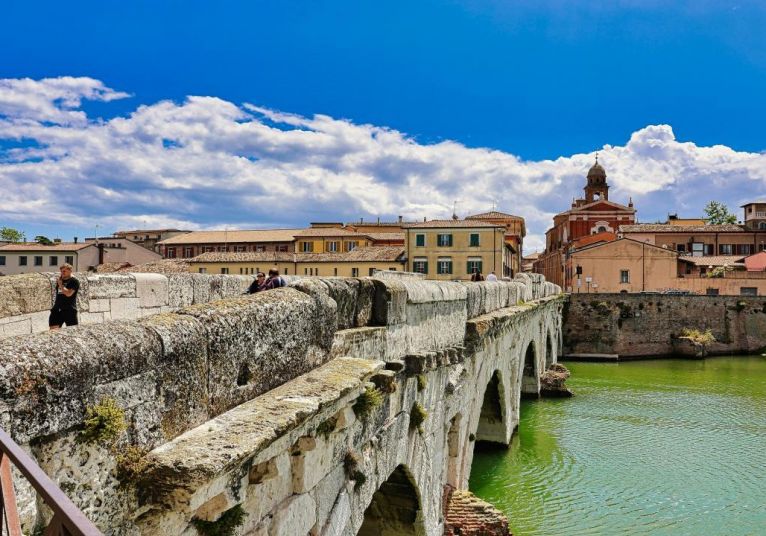 Пешеходна разходка в историческия център на Римини. Разглеждане на Арката на Октавиан Август,Старата часовникова кула, катедралната църква „Малатеста”, изграденa в средата на 15 в. като погребална църква на управляващата фамилия Малатеста,
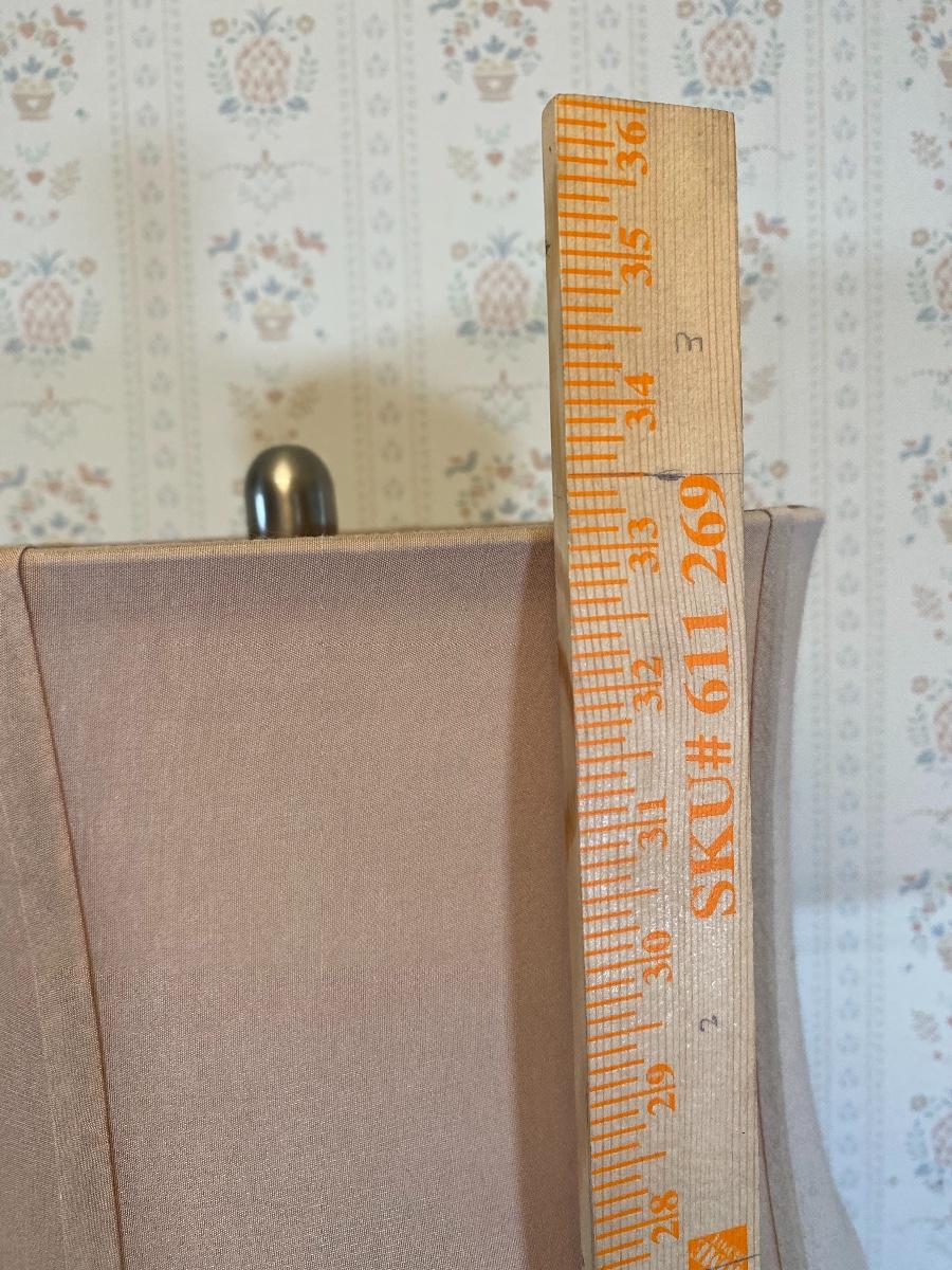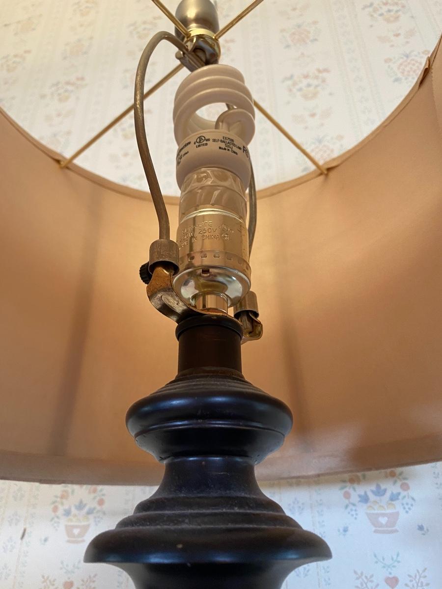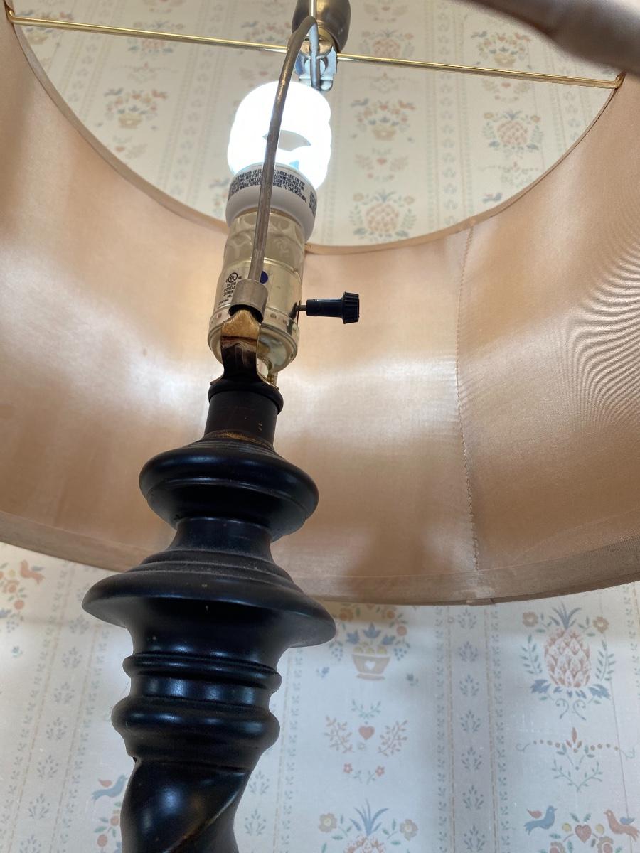 Slender candlestick style table lamp. Tall at almost 34" at top of shade. Shade has some discolor from age & dust.
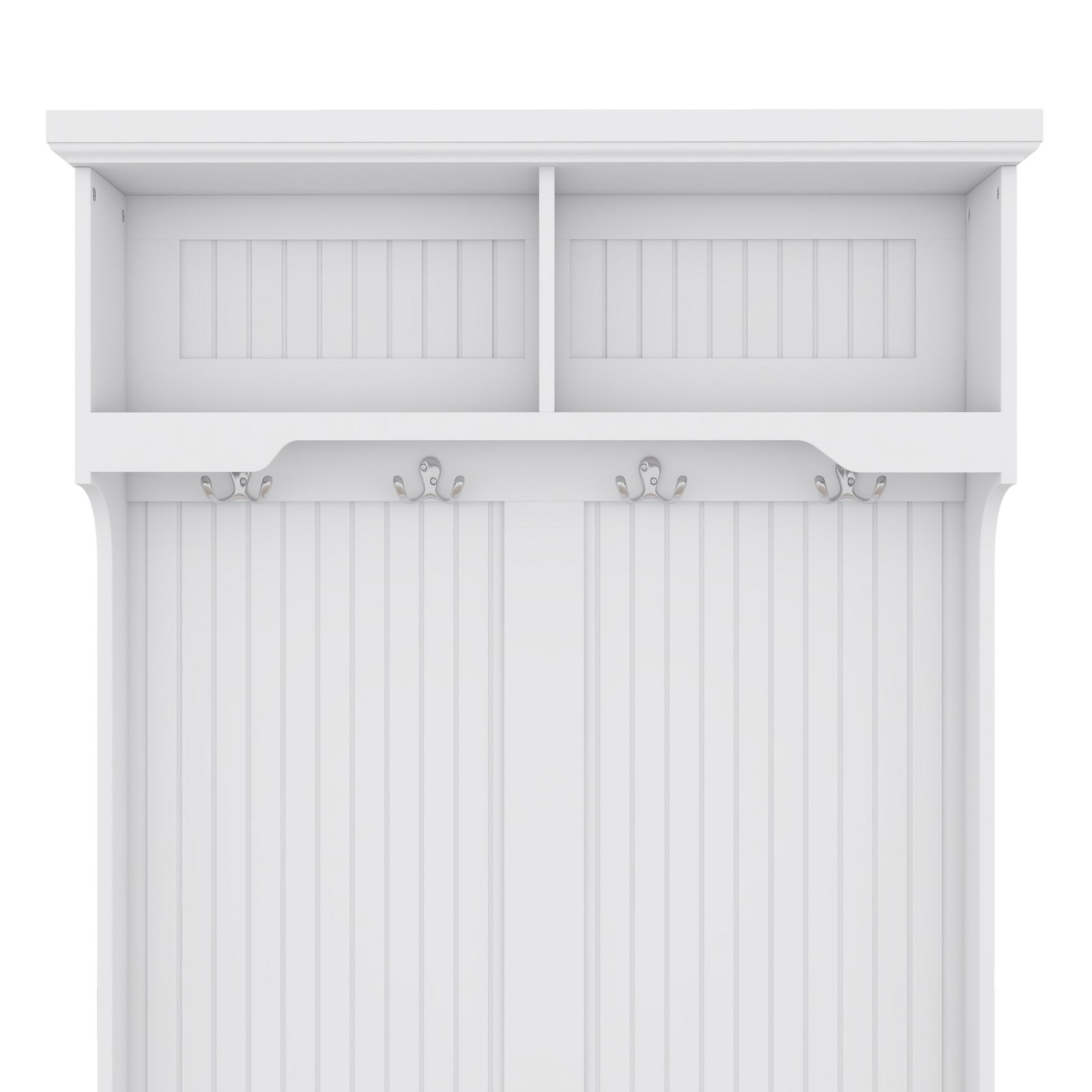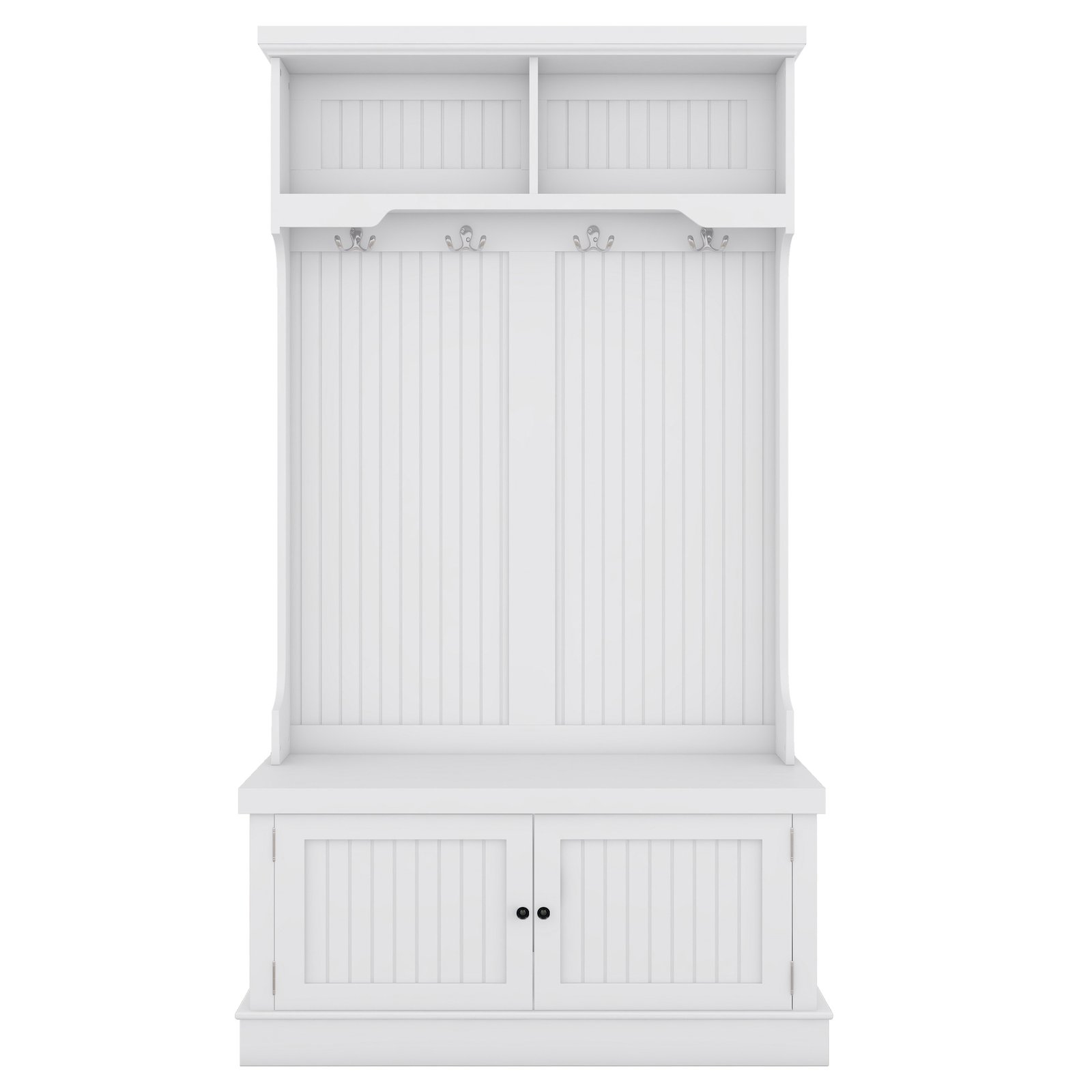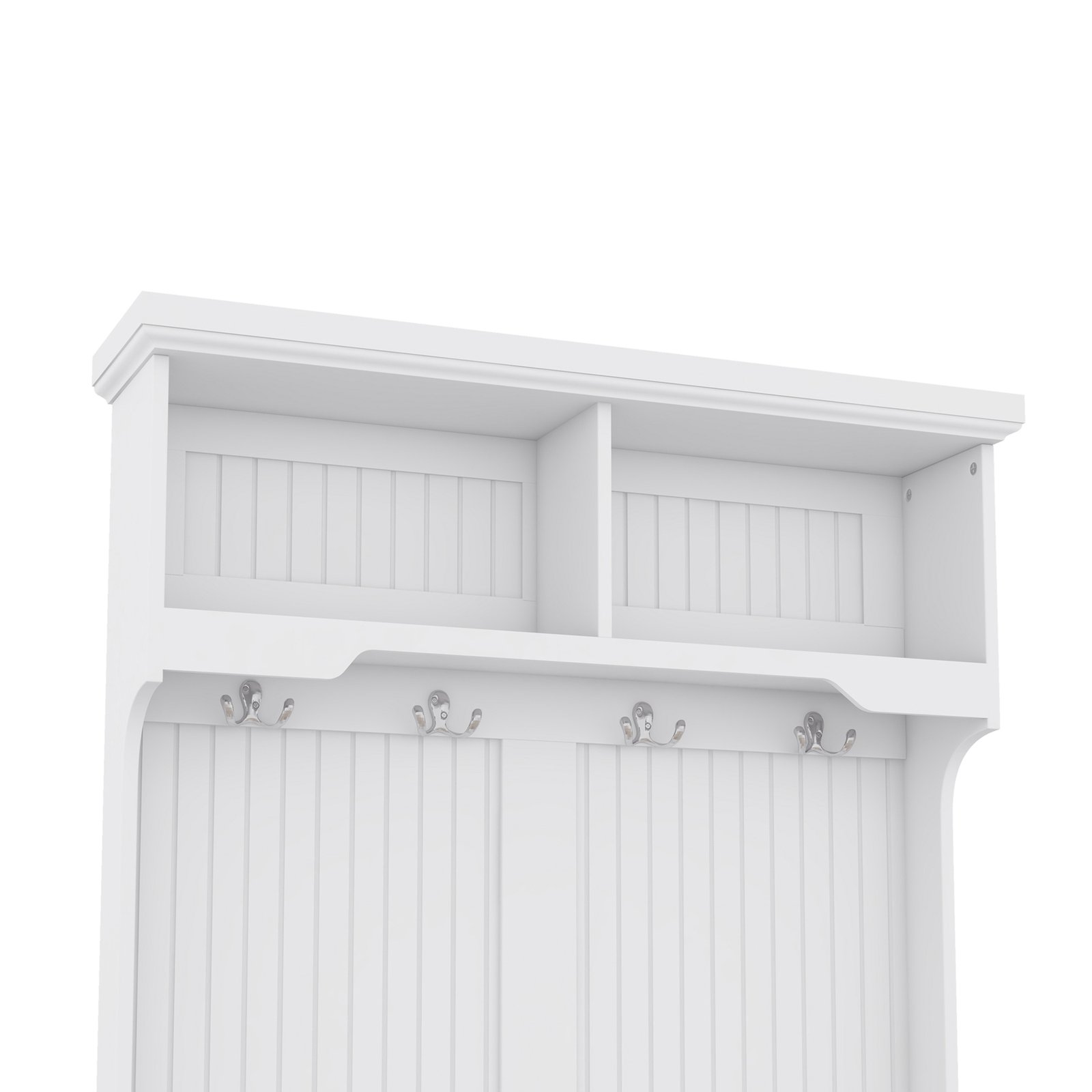 - 4-in-1 Design- This multifunctional hall tree is an Integrated coat rack with hooks, a shoe bench, a storage cabinet, and a display shelf, designed to fit for your entryway, laundry room, closet, bedroom, or mudroom use.

• **Problem requirements**:
Only the pictures are to be left out; copy all the remaining material above exactly.

• **Task solution**:
 Пешеходна разходка в историческия център на Римини. Разглеждане на Арката на Октавиан Август,Старата часовникова кула, катедралната църква „Малатеста”, изграденa в средата на 15 в. като погребална църква на управляващата фамилия Малатеста,
 Slender candlestick style table lamp. Tall at almost 34" at top of shade. Shade has some discolor from age & dust.
 - 4-in-1 Design- This multifunctional hall tree is an Integrated coat rack with hooks, a shoe bench, a storage cabinet, and a display shelf, designed to fit for your entryway, laundry room, closet, bedroom, or mudroom use.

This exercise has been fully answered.